# BO-go-Shi Bo-yo O-Ba



## toring

Hey there,

I recently was sent an email from a Korean friend. 
The email was written in english except for the last line which was written in Korean;

BO-go-Shi Bo-yo   O-Ba

She refuses to translate it for me, if anyone can translate this into English it would be appreciated.

Thanks


----------



## Snubby

I think it says, "I want to see you, big brother" (o-pa = common affectionate term for a girl's older male friend). Do you have the original hankul version?


----------



## toring

Thanks for the quick reply,

Unfortunately she did not include the hankul version, only the romanized version. I wonder if it had been a poor translation on her behalf.

Is this a common expression used, I personally don't have any brothers, I have a younger sister. Do you think she would use this term to literally want to see me or is it an expression of her feelings towards me?


----------



## Snubby

*BO-go-Shi Bo-yo *is apretty common phrase. And girls frequently call older (but not too much older) male, non-relative friends "o-pa" (which literally is the word a girl uses when speaking to her older brother; Koreans use different words for a boy's older brother and for younger siblings). The "o-pa" here is referring to you, not to any brothers you might have. It could be a term of endearment in the way she is using it (not knowing your relationship with her, I can't say for sure what message she might be trying to convey to you, but at least it's an affectionate reference ).
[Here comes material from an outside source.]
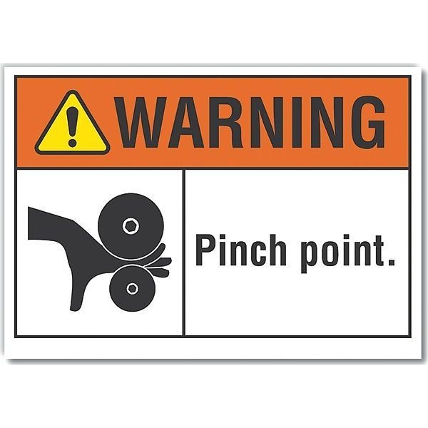 Decal, Warning Pinch Point, 10 x 7", 7 in Height, 10 in Width, Polyester, Vertical Rectangle, English

Maybe a native Korean speaker will add to this discussion.
Best regards.


----------



## maghanish2

She is saying 보고 싶어요 오빠, I am pretty sure.

It basically means "I miss you" (Even though it is literally translate as "I want to see you").  And Koreans use "o-pa" just as a way of calling people who are older than them.....is is a respect thing, but it is very common.  Everyone uses it!

But it is definitely directed towards you.


----------